Test Whether Your Foods And/Or Pre-Workouts Cause Acne

Even if your pre-workout doesn’t include any of the common ingredients above, you may still be asking yourself, does pre-workout cause acne? Don’t worry. You’re not alone. The truth is, your breakouts may come from foods not found in your pre-workout. The only way to know for sure is to test yourself through an elimination diet.  

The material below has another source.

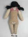 Det här var den andra dockan givaren fick från farmor.Trasdocka sydd av givarens farmor, anletsdragen är broderade och dockan har flätor av garn. dockan har stickat linne och strumpor som sytts samman i strumpornas överkant och linnets nederkant. Enligt givaren fanns det mer kläder till dockan när givaren var barn. Dessa dock-kläder kan hon inte hitta.

Many foods can cause adverse reactions in one person’s body but not another’s. To find out whether any foods are affecting your body, you can eliminate all the possible offenders from your diet and reintroduce them one at a time. This will show you which, if any, are causing your acne breakouts. (Always consult with your doctor before starting an elimination diet.)

We already discussed two common culprits: cow’s milk and sugar. Other foods that may cause acne include alcohol, gluten, wheat, corn, yeast, nuts, chocolate, white flour, and greasy foods like french fries and potato chips.

To truly test whether a pre-workout ingredient or dietary food is causing your acne, be sure to take a break from your pre-workout — or whichever ingredients or foods you’re testing — for at least four weeks. This will give your body time to reset so that when you reintroduce the item, you can accurately judge whether a food or your pre-workout causes your acne.